Military working dogs help keep Keesler Air Force Base safe
BILOXI, Miss. (WLOX) – 81 Squadron at Keesler Air Force Base shows off its military working dogs.
A showcase was held at the base on Tuesday to showcase the talents of two of KAFB’s military working dogs, Victor and Gamma. Victor, a Belgian Malinois, was certified in 2018; Gamma is a 2016 certified German Shepherd.
MWDs are trained for tasks such as tracking, explosive detection, patrol, search and rescue, and attack.
The Second Air Force is responsible for the basic military and technical training of Air Force enlisted members and support officers. They train more than 250 military working dogs a year for the US government at Lackland Air Force Base in San Antonio, Texas.
Victor and Gamma are assigned to the 81st Security Forces Squadron at Keesler AFB. Victor and Gamma’s training was under TSgt. Eric Formolo, who recently returned to the Biloxi base to oversee the MWD training program there.
“I have been in the army for 13 years. Of those 13 years, I was in the MWD program for 10 years. I started my K9 career at Maxwell AFB where I was paired up with MWD Rocky (Explosives Detection). In 2014, Rocky and I deployed to Kuwait as part of Operation Inherent Resolve. Shortly after our deployment, I received orders for Keesler AFB. At Keelser AFB I worked with 2 explosive detection dogs named Zeno and Bak. In 2017 I left Keesler to become an instructor at the 341st Military Working Dog School. For the past 4 years I have acted as an instructor/supervisor of instructors on the Department of Defense Military Working Dog Handlers course. I recently transferred to Keesler AFB and assumed the role of NCOIC of the Military Working Dog Section (Kennel Master). Over the years of K9, I led numerous TDYs alongside the United States Secret Service to protect the President, Vice President, First Lady, foreign leaders, the Pope, and several other senior government officials” , we read in the biography of Formolo.
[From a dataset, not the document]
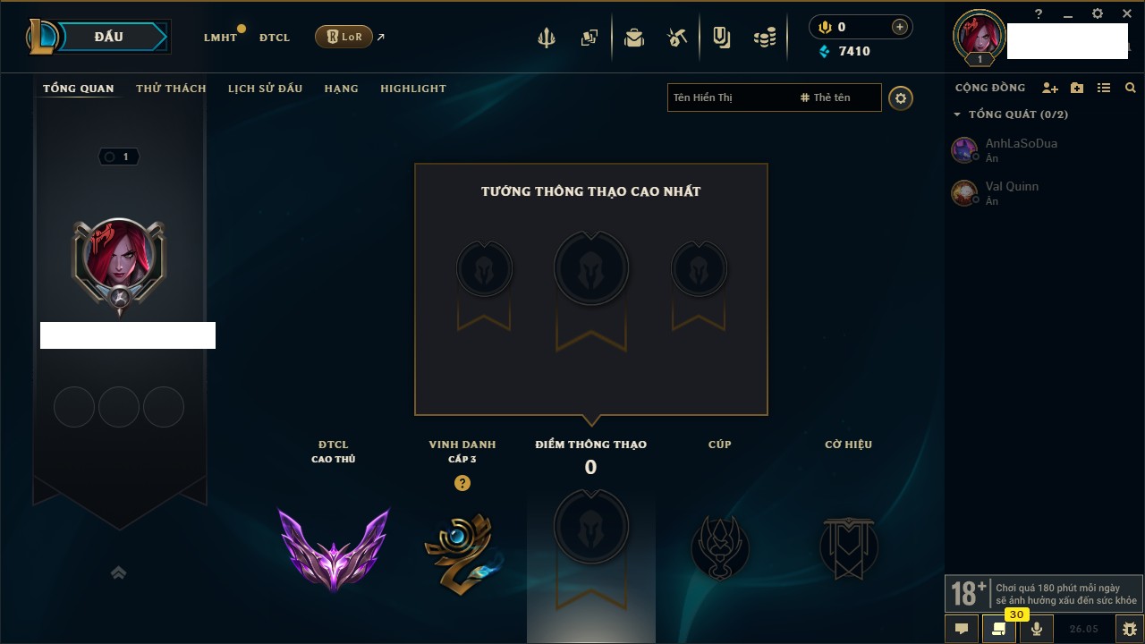 Rank Đơn: Chưa rank mùa nàoKhung: Chưa có khungTướng: 29 - Còn 2493 THXTrang Phục: 1Rank ĐTCL: Chưa rank mùa nàoLinh Thú: 1

MWD Victor is certified as a patrol/substance detection dog and has had four different handlers including Ssgt. Ryan M. Wood.
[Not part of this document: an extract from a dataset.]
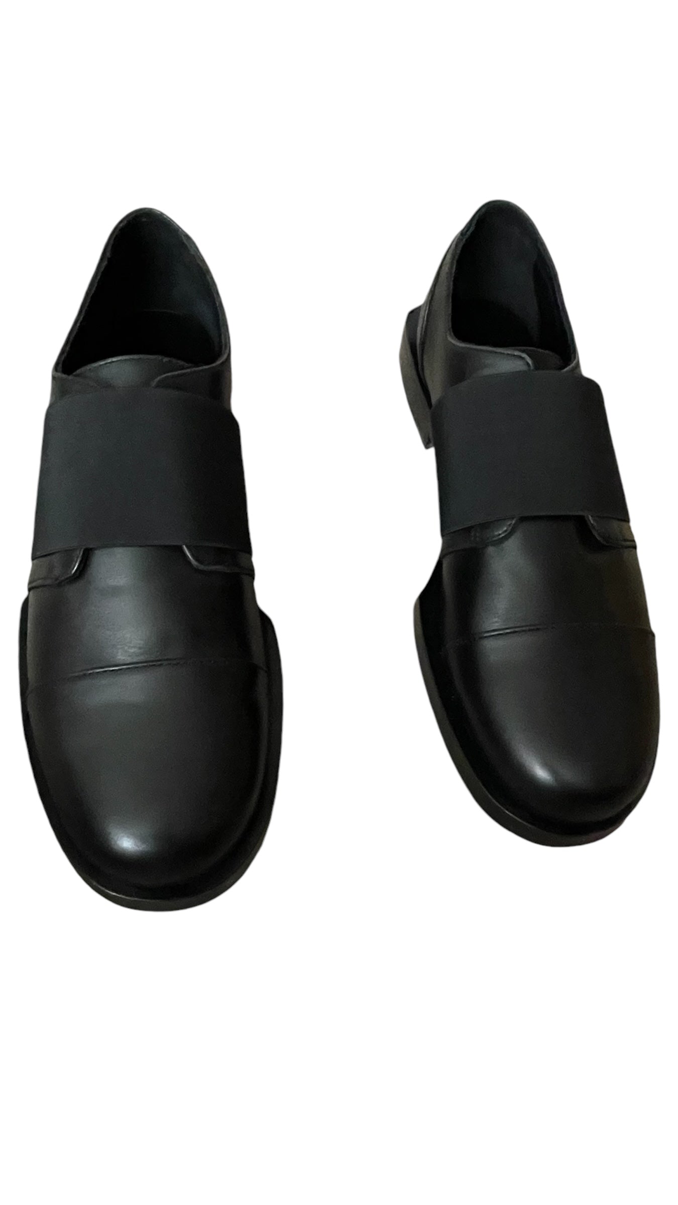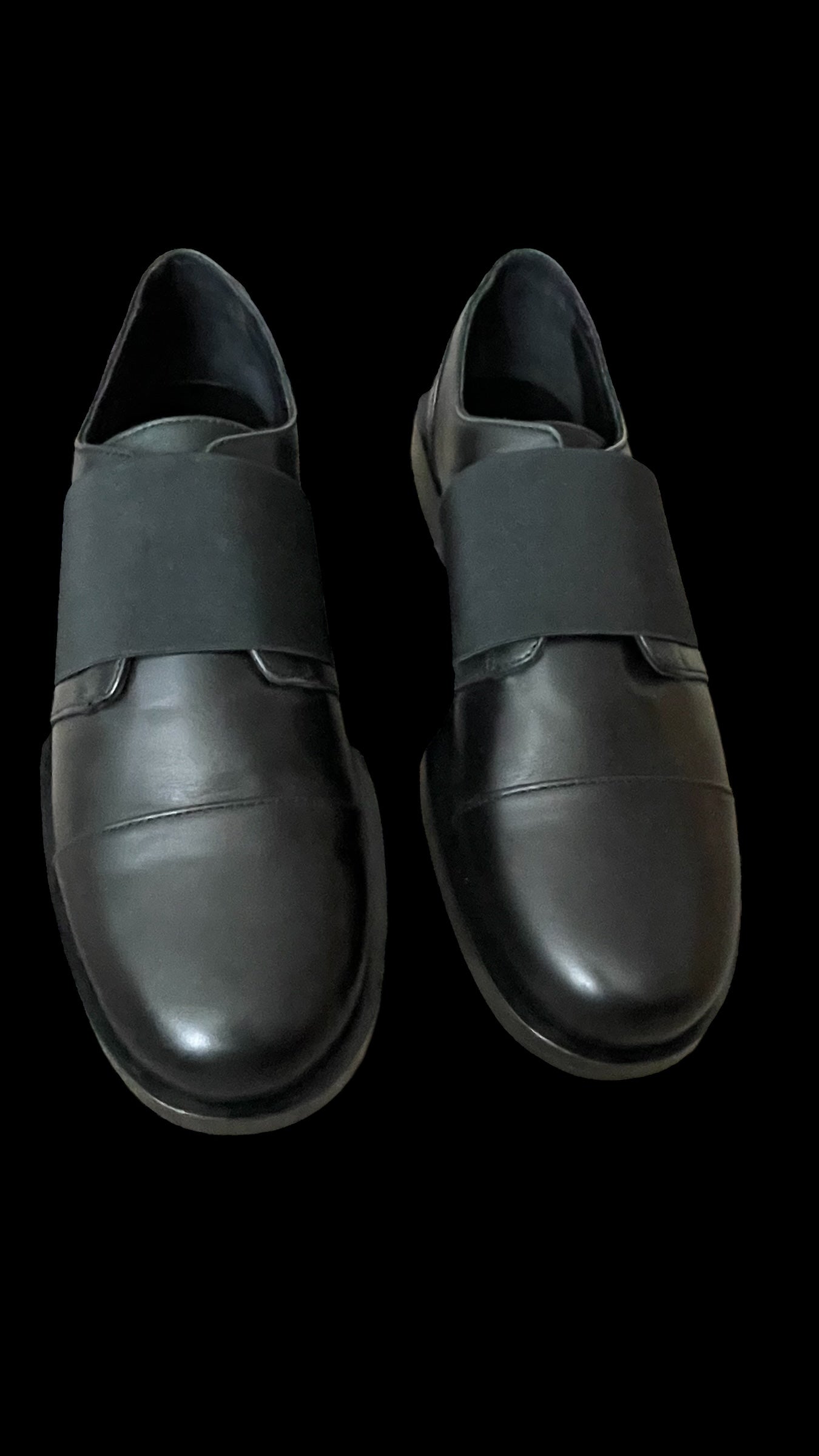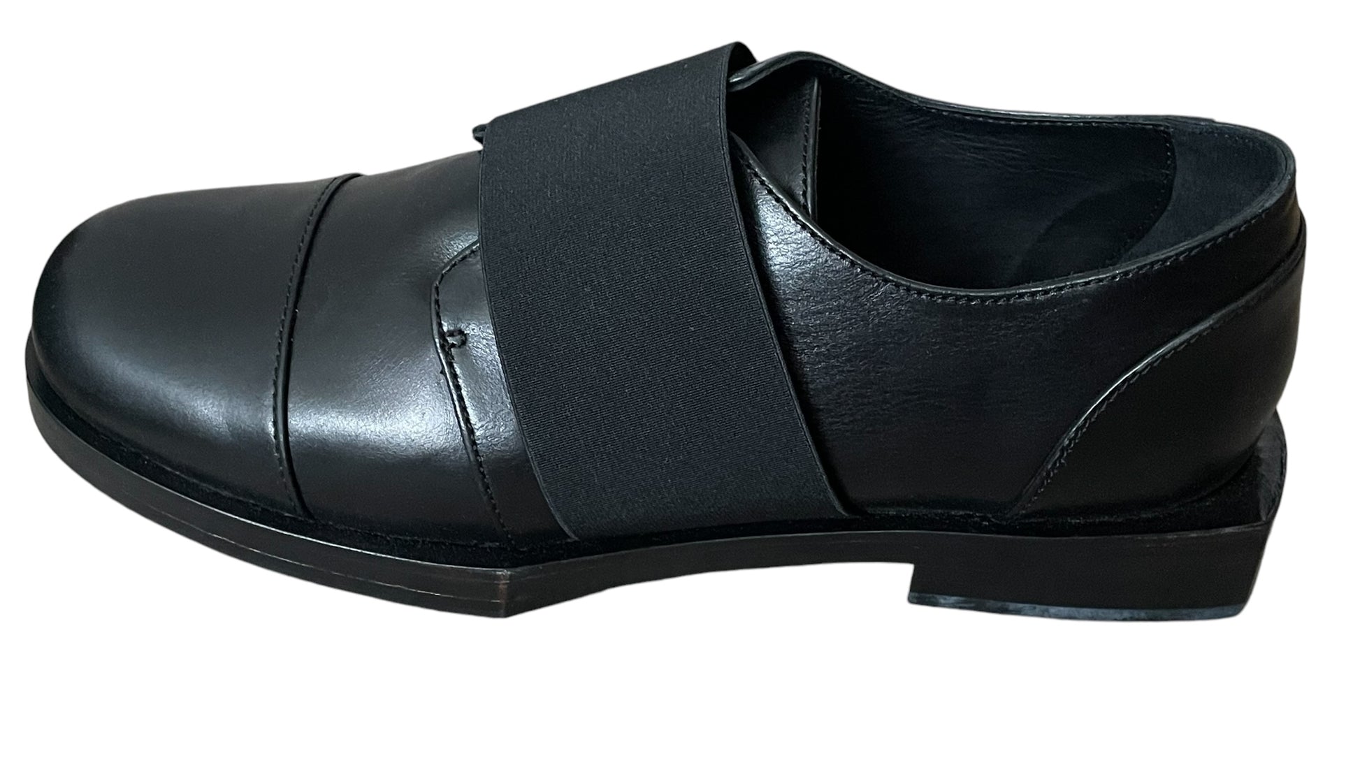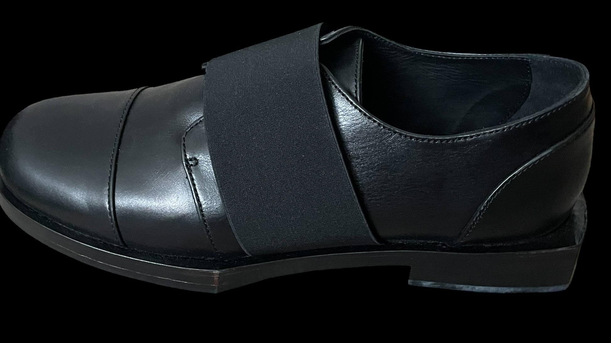 Men’s black cyclone leather slip on shoes by ACHILLES ION GABRIEL: wide thick elastic band top. Asymmetric sole. Leather and Rubber sole

“I have been in the military for 4.5 years, but have only been a military working dog handler since June 2021. Although this job is new to me, I have already learned a lot and had many fun experiences. The dogs work very hard for their handlers and the bond they create is unparalleled.The dogs are a valuable asset to the base and are useful tools in ensuring that we protect the students on the base. ‘a drug-intensive area and it is important that we detect it at the gates before it reaches base to ensure the protection of base personnel,’ reads Wood’s biography.
MWD Gamma is certified as a patrol detector dog and has deployed three times with three different handlers, including SrA. Anthony L. Seretis.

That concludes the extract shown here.